Ich besuche Japan seit den frühen Neunzigern und lebe seit zwanzig Jahren in Tokio. Ich bin in einem Vorort von Washington, D.C. in Maryland aufgewachsen, dessen Klima sich nicht allzu sehr von dem in Tokio unterscheidet. Aber ich habe einen Großteil meiner Jugend in klimatisierten Räumen verbracht, sei es zu Hause, im Auto, in der Schule oder im Einkaufszentrum. Ehrlich gesagt habe ich saisonalen Wettermustern nie viel Aufmerksamkeit geschenkt, es sei denn, es handelte sich um Ausreißer von der Art, die sich hoffentlich auf den Schulbesuch auswirken könnten. Als ich nach Japan kam, war ich überrascht, welche Rolle das Wetter im täglichen Leben spielte.

Praktisch jedes Gespräch, sei es eine schriftliche Korrespondenz oder ein lockeres Gespräch, begann mit einer Bemerkung über das Wetter, und die Einheimischen beschrieben die saisonalen Veränderungen sehr detailliert, sei es ein saisonales Lieblingsgericht, der Beginn des Monsuns oder die Ankunft der Kirschblüten. Es gibt viele saisonale Redewendungen, wie etwa Haru-ichiban, die erste stürmische Brise des Frühlings, und Fuyu-shōgun, „allgemeiner Winter“, eine Vermenschlichung der tiefen Winterkälte. Aber ich habe den Überblick verloren, wie oft meine Frau, die Japanerin ist, oder ihre Freunde sich darüber beklagt haben, wie unberechenbar das Wetter seit ihrer Kindheit geworden ist. Und das ist nicht nur eine müßige, rosarote Erinnerung. Studien zeigen, dass die Sommer in Tokio wirklich länger werden und das heiße Wetter in den letzten Jahren etwa fünfzig Tage länger anhielt als im 20. Jahrhundert.
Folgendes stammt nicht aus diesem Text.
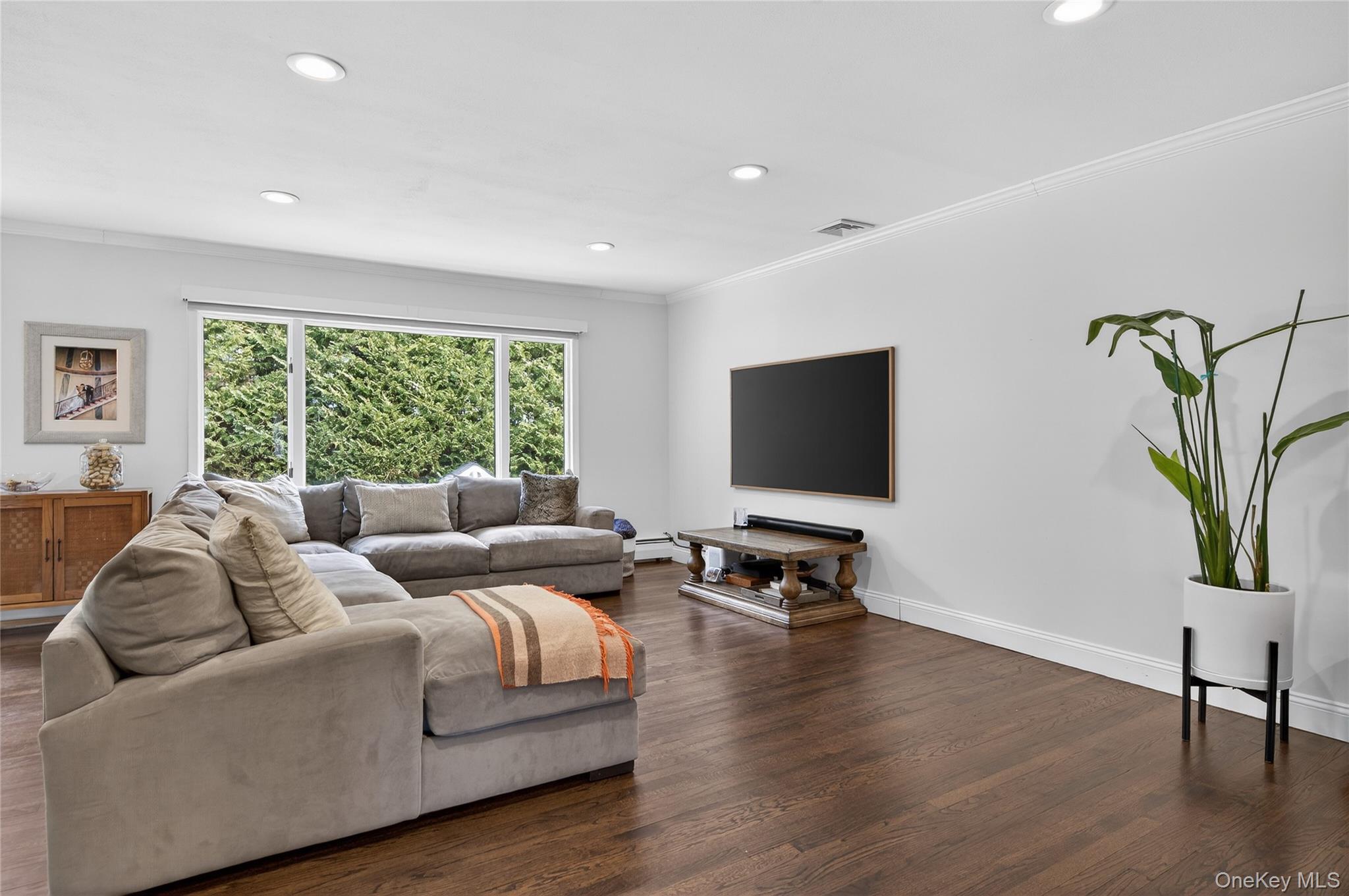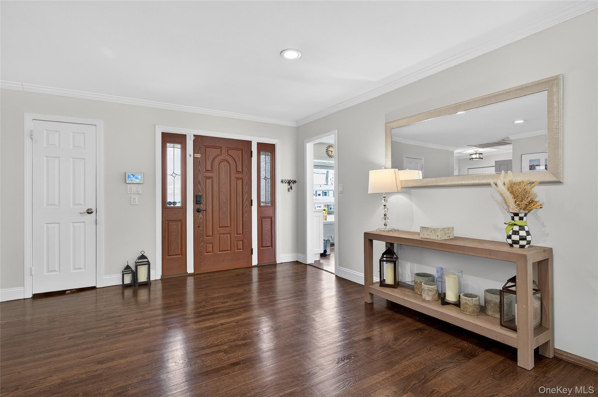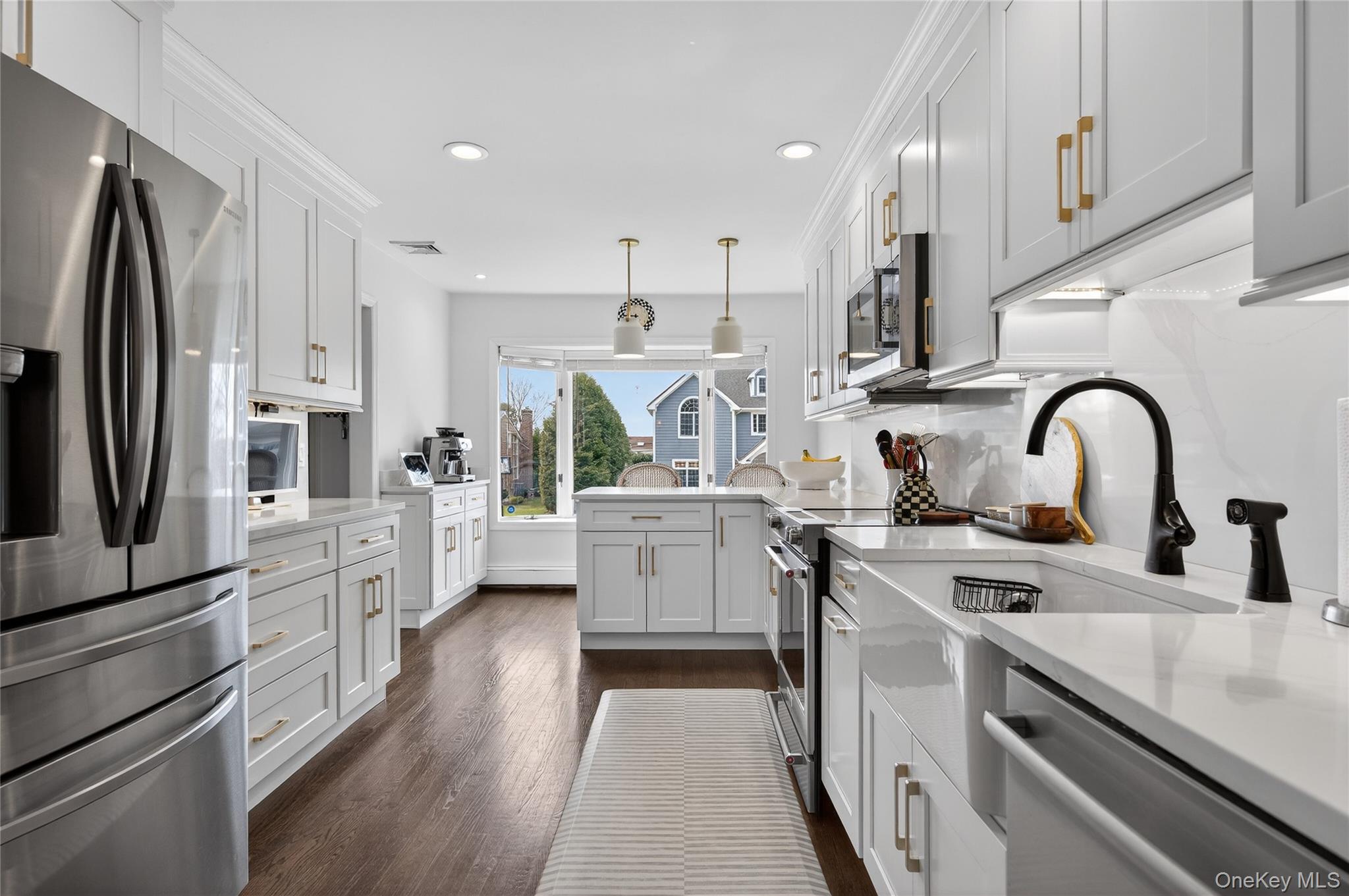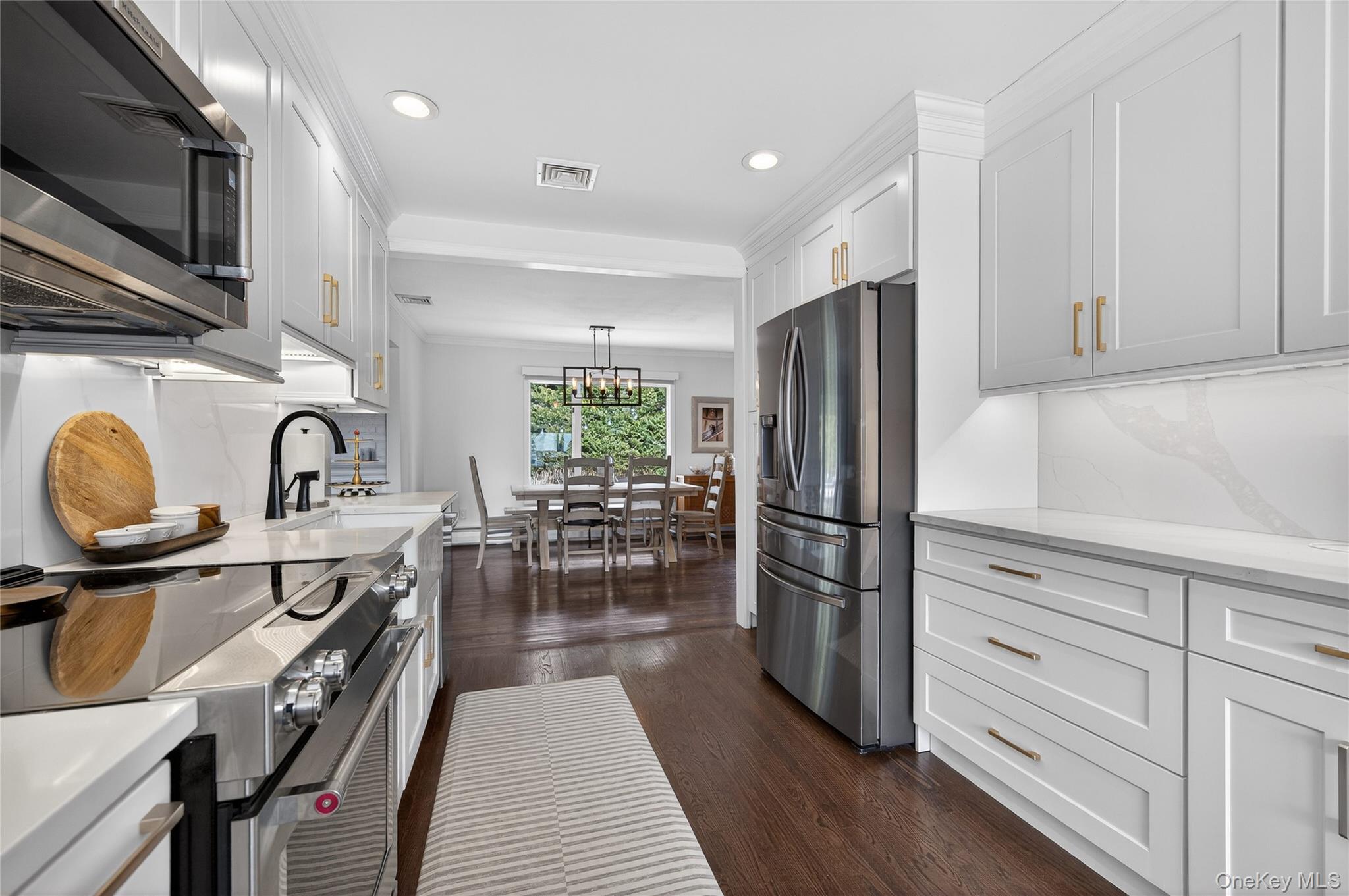 Welcome to this beautifully renovated ranch in the heart of East Norwich located within the desirable Forest Estates Pool Community. From the moment you arrive this home impresses with its magnificent curb appeal. The front of the residence features stunning stonework and customized pavers that guide you to the inviting entryway, while newer vinyl siding enhances the sides and rear of the home. A renovated two-car garage includes brand new garage doors and durable epoxy flooring. Inside the home has been freshly painted and showcases newly finished flooring along with beautiful wood floors throughout. The all new European-style kitchen is a standout, featuring stainless steel appliances, sleek white quartz countertops, and modern finishes perfect for everyday living and entertaining. The home offers a fantastic layout with an oversized L-shaped living room open to dining area ideal for gatherings, as well as a warm and inviting family room with a fireplace, new picture windows, and sliding doors that lead to the private backyard. Mechanical blinds add convenience and comfort in select areas. The spacious primary bedroom features a full ensuite bath and customized closets. Two additional generously sized bedrooms and built-in-closets throughout the home provide excellent storage. In total, the residence offers three bedrooms and three full baths. The finished basement expands the living space with a home office, large recreation area, full bathroom, cedar closets, and abundant storage. A spacious laundry area includes a Samsung washer and dryer and provides direct access to the renovated two-car garage. Additional features include central air conditioning, three-zone heating; 1st floor is baseboard and radiators, basement is radiators. The property sits on a 101x105 lot and offers a beautifully private backyard, fully fenced, a seven-zone sprinkler system and perfect for relaxing and entertaining. With low taxes and exquisite condition throughout, this move-in ready home is truly a must see. Pool dues $450 per year.

Für Generationen von Japanern war das Klima mehr als nur das Wetter; es repräsentiert eine Kultur, sogar eine Art Identität. Der Klimawandel bringt diese geschätzten Traditionen allmählich ins Wanken. Viele saisonale Kigo, diese Bausteine ​​des Haiku, verlieren ihre Bedeutung, da sich das Klima weiter verändert. Nehmen Sie Koharubiyori, ein Kigo, mit dem ein einst seltener Sommertag mitten im Herbst beschrieben wird. „Heutzutage sind zu dieser Jahreszeit mehr Tage warm“, sagte der Dichter Etsuya Hirose zu Nikkei. „Man kann sich also nicht wirklich in dieses Kigo, diese Jahreszeit und diese Emotionen hineinversetzen.“

In früheren Zeiten lenkten die Menschen in Japan die Flaute des Sommers mit gruseligen Geschichten ab. Aber man darf die Veränderungen, die jetzt stattfinden, nicht ignorieren, da die steigenden Temperaturen die japanische Kultur verändern und Spaltungen in der Gesellschaft offenlegen. Japan, das der Zeit in beneidenswerter und nicht beneidenswerter Weise voraus ist, dient seit langem als Vorbote der Probleme postindustrieller Nationen. Wie die Umfragen und Proteste in Tokio zeigen, scheinen viele Japaner das Gefühl zu haben, dass die Zeit für eine neue Geschichte gekommen ist, in der die Staats- und Regierungschefs den Klimawandel mit offenen Augen angehen. ♦

In einer früheren Version dieses Artikels wurde der Regisseur von „Summer Wars“ falsch identifiziert.